Connect Clojure to existing Java systems safely by choosing stable boundaries, converting data deliberately, preserving caller contracts, and isolating effects during migration.
Most production Clojure adoption starts inside an existing Java system. The integration problem is not whether Clojure can call Java. It can. The real problem is deciding which boundary should stay stable while Clojure takes over a small, valuable behavior.
Good integration design keeps the old system boring. Java callers should not have to understand Clojure maps, lazy sequences, or keyword names unless the public contract intentionally changes.
| Boundary style | Use it when, and watch for |
|---|---|
| Direct Java interop | Use when Clojure needs to reuse a Java library or service object in-process. Watch for Java types leaking deep into Clojure logic. |
| Java adapter calls Clojure | Use when existing Java callers need stable method signatures. Watch for conversion code becoming scattered. |
| HTTP API | Use when the Clojure code can be deployed as a separate service. Watch for network, serialization, and operations overhead. |
| Message queue | Use when the work is asynchronous or event-driven. Watch delivery semantics and duplicate handling. |
| Shared database | Use when both systems already depend on the same persisted model. Watch for coupling moving into schemas and transactions. |
Prefer the smallest boundary that gives you safe rollout and clear ownership. Do not create a distributed system just to run one pure function.
A Java adapter can preserve an existing interface while delegating the decision to Clojure.
1public interface EligibilityService {
2 EligibilityResult check(Customer customer, Policy policy);
3}
1public final class ClojureEligibilityService implements EligibilityService {
2 private final IFn checkEligibility;
3
4 public ClojureEligibilityService(IFn checkEligibility) {
5 this.checkEligibility = checkEligibility;
6 }
7
8 @Override
9 public EligibilityResult check(Customer customer, Policy policy) {
10 Map<Keyword, Object> result = (Map<Keyword, Object>) checkEligibility.invoke(
11 CustomerMaps.toMap(customer),
12 PolicyMaps.toMap(policy)
13 );
14 return EligibilityResults.fromMap(result);
15 }
16}
The adapter has one job: convert representations and preserve the existing contract. The business rule should live in Clojure as plain data logic.
1(defn check-eligibility [customer policy]
2 (cond
3 (:customer/suspended? customer)
4 {:eligibility/status :denied
5 :eligibility/reason :customer-suspended}
6
7 (> (:policy/risk-score policy) 700)
8 {:eligibility/status :review
9 :eligibility/reason :high-risk}
10
11 :else
12 {:eligibility/status :approved}))
This keeps Java callers stable while giving Clojure a small, testable core.
Interop bugs often come from casual conversion.

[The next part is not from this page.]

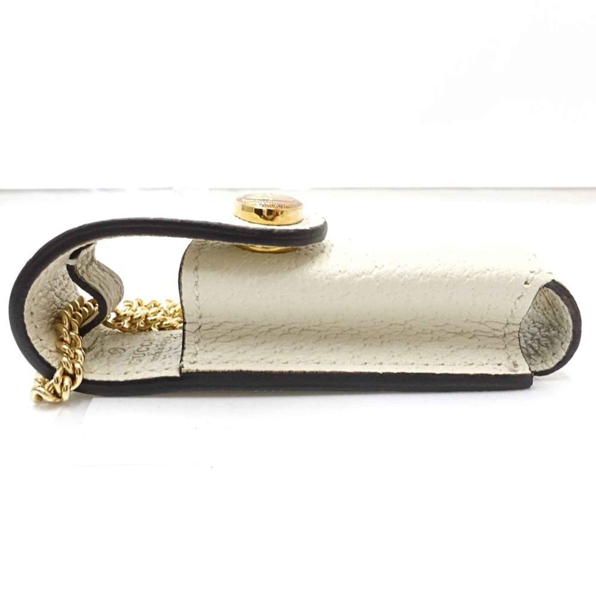 GUCCI Lipstick Case, Double G Leather, White, Women\'s, 615998, 181593

| Java shape | Clojure mapping and review concern |
|---|---|
BigDecimal |
Keep decimal values rather than floating point, and preserve scale and rounding rules. |
Optional<T> |
Convert to a value or nil at the boundary; do not let nested optionals leak inward. |
List<T> |
Use a vector or sequence, and realize lazy results before returning to Java when needed. |
| Enums | Convert to keywords with a reversible mapping. |
| Exceptions | Use ex-info or result maps depending on failure type; do not hide broken system conditions as normal domain results. |
Put these choices in one adapter namespace or class pair. If every caller invents its own mapping, the migration becomes fragile.
When Clojure participates in an existing system, side effects need clear ownership.
| Effect | Safer integration rule |
|---|---|
| Database writes | Let one side own the transaction for a given slice. |
| Email or notifications | Return planned commands during comparison; send once at the approved boundary. |
| Metrics | Tag migration paths so Java and Clojure behavior can be compared. |
| Logging | Include correlation IDs from the Java caller. |
| Retries | Keep retry ownership in the orchestration layer, not inside pure functions. |
If both Java and Clojure perform the same effect during shadow mode, you are no longer comparing behavior safely.
The first adapter is often clean. The tenth adapter can become a mess unless the team sets rules.
| Drift symptom | Correction |
|---|---|
| Clojure functions accept Java objects directly everywhere | Convert at the boundary, then use maps or records internally. |
| Java code reads Clojure maps in many call sites | Convert back to Java result types at the adapter. |
| Each namespace defines different keyword names | Establish a data contract and reuse it. |
| Exceptions cross language boundaries without context | Wrap failures with enough data for operations and debugging. |
| Shadow comparison sends duplicate effects | Split decisions from commands before comparing. |
Integration succeeds when each side has a clear responsibility. Java can orchestrate and preserve contracts. Clojure can express behavior over values.